One person was killed by Russian shelling in Sumy Oblast.

Belarusian President Alexander Lukashenko claimed that a group of Ukrainian and Belarusian saboteurs were caught with explosives on the border with Ukraine as part of plans to commit acts of sabotage in Russia and Belarus.

President Zelenskyy arrived in Germany to sign a bilateral security deal with the German government. The German government announced that it would give €7.1bn of military aid to Ukraine in 2024. Along with a separate €1.13bn aid package. Which included 100 IRIS-T missiles, a SykNex air defence unit, 18 howitzers and 18 self propelled howitzers. Later in the day, Zelenskyy signed a 10-year bilateral security deal with President Macron in France that would provide Ukraine with "3 billion euros ($3.2 billion)" of aid in 2024.

Germany delivered 3,990 155 mm shells, 18 armored personnel carriers, three Wisent demining tanks, 62 reconnaissance drones, a Dachs engineering vehicle, nine mine-clearing plows, four border guard vehicles, and 500 LED lights and IT equipment to Ukraine.

===17 February===

School in Sloviansk after missile strike on 17 February

Ukrainian commander-in-chief Oleksandr Syrskyi announced the withdrawal of Ukrainian forces from Avdiivka to prevent encirclement by the Russian army. The city fell to Russian forces later in the day, with pockets of resistance remaining in the Avdiivka Coke Plant.
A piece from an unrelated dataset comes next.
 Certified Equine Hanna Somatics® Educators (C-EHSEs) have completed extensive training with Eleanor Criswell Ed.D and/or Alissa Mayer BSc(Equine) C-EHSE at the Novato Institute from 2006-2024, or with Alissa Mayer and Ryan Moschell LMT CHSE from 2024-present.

Between 500 and 1000 Ukrainian soldiers are believed to have been captured or gone missing in the withdrawal.
Russian forces were also storming Robotyne, according to the ISW. Ukraine claimed to have defeated a Russian offensive in Zaporizhzhia Oblast, killing 70 Russian soldiers and injuring 80 as well as destroying 18 pieces of equipment, including three tanks.

The Ukrainian Air Force claimed to have shot down two Russian Su-34s and a Su-35 fighter jet over eastern Ukraine.
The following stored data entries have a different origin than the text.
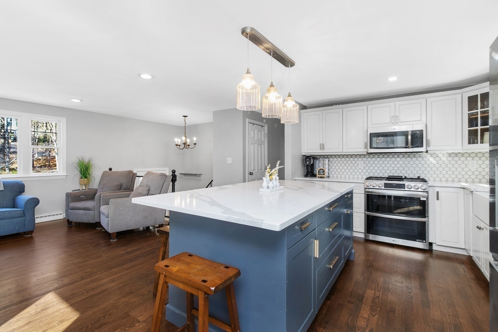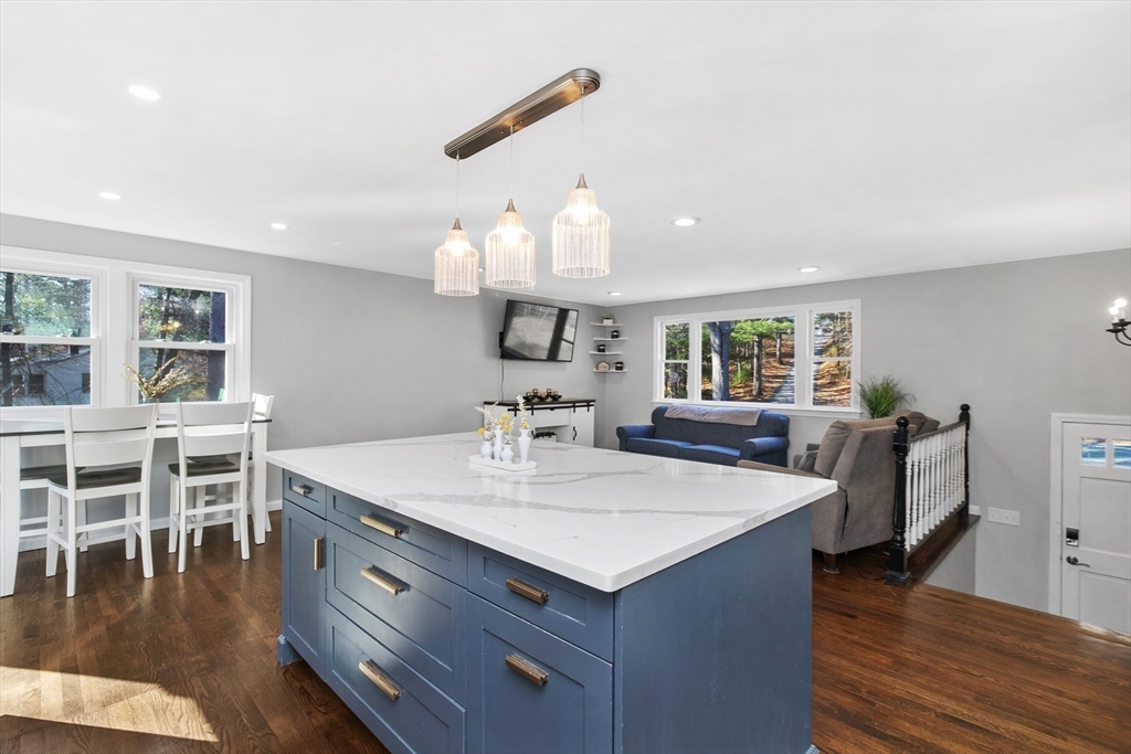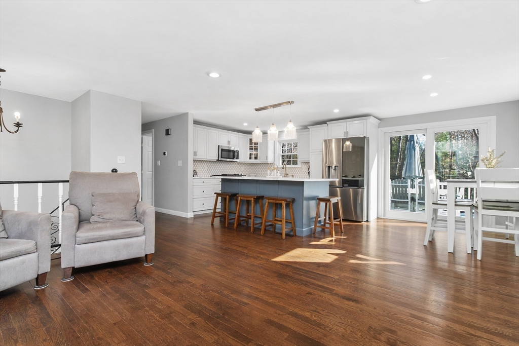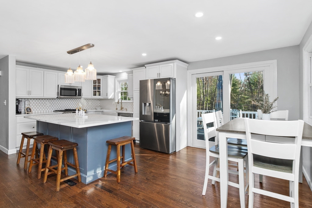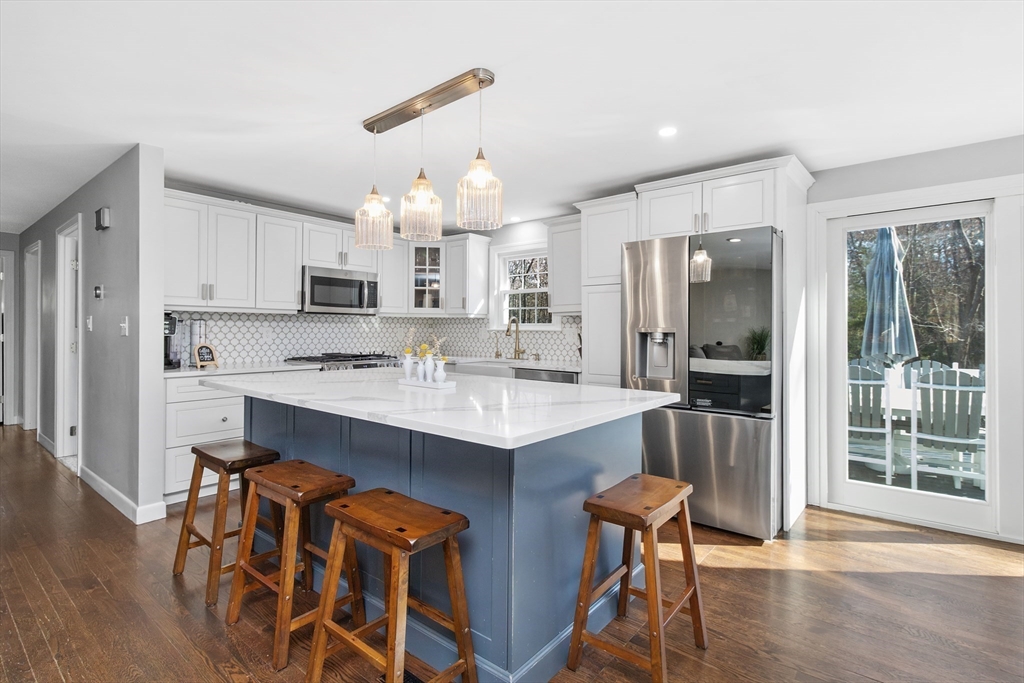 Set along one of Norwell’s most scenic roads, this beautifully updated 3 bed, 2 bath home offers comfort and modern convenience. The kitchen features granite countertops, stainless steel appliances, and an open layout centered around a large island with sliding glass doors leading to a TimberTech deck. Bright, open living and dining areas feature hardwood floors that continue through all three bedrooms. The main level showcases a beautifully updated bath with a double vanity, sleek countertops, custom tilework, and a glass-enclosed shower with gold-tone fixtures. The lower level offers a spacious family room with gas fireplace, full bath, and a finished bonus room with walk-out access-ideal for an office, gym, or flexible space. Recent upgrades include CertainTeed Cedar Impressions siding, paved driveway, new walkway with granite stairs, updated 200-amp electrical, whole house generator, and newer appliances. Move-in ready and minutes to Scituate Harbor, Greenbush and Norwell Center.
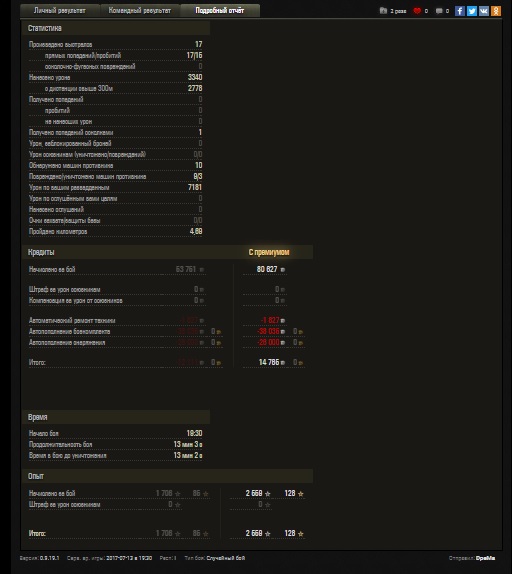 ОФФ. В ангаре покрывается пылью самый лучший по моей стате среди тяжиков КВ-3. Абсолютно нефановый, а просто везучий. Сам всегда удивляюсь.
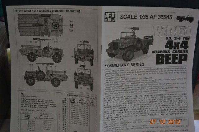 Представляю обзор на Dodge фирмы AFV, на литниках стоит 1999год. Производитель предлагает сделать два варианта этой машины WC 51 и WC 52.
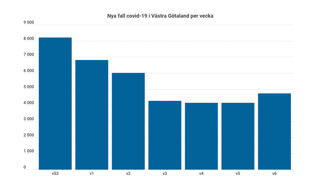 Efter flera veckors minskning har nu antalet nya fall av covid-19 börjat öka på nytt. Under vecka 6 konstaterades 4 737 fall av covid-19 i Västra Götaland, vilket är 14 procent fler än föregående vecka.
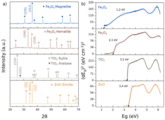 Characterization of semiconductive ceramic powders: TiO2, ZnO, Fe2O3, and Fe3O4. (a) The X-ray diffractions showing the phase compositions; (b) Kubelka–Munt calculations from the UVA–Vis spectra, also exhibiting bandgap values (eV).
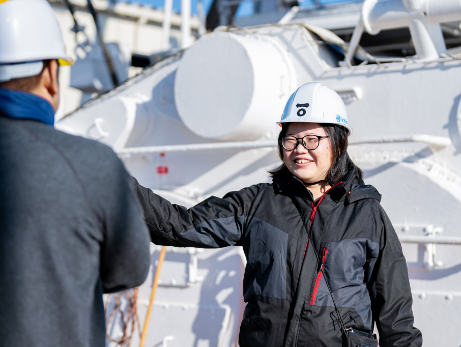入港中の対応や各種手続きを通じ、乗組員が安心して働ける環境づくりに励んでいます。日々のやり取りの中で、困ったときに頼ってもらえたり、「ありがとう」と声をかけていただけたりしたとき、自分の対応が現場の支えになっていると感じます。こうした積み重ねが、運航を支える仕事に携わっているという実感につながり、この仕事のやりがいになっています。

Five people were killed by Russian attacks in Kherson, Kharkiv, Donetsk and Sumy Oblasts.

In Russia, officials claimed that 14 drones were shot down over Belgorod, Kaluga, Bryansk, and Voronezh Oblasts.

In Moldova, border police reported it had found fragments of a Russian drone near the village of Etulia Nouă.

Rheinmetall signed a joint venture to open a factory in Ukraine that would produce hundreds of thousands of 155mm calibre bullets annually. Czech President Petr Pavel said that his country could supply Ukraine with "half a million 155 mm and 300,000 122 mm shells" within weeks if funding is found.

===18 February===
Ukrainian air defences shot down a Russian Su-34 fighter-bomber. Twelve Russian drones and a Kh-59 cruise missile were also destroyed overnight.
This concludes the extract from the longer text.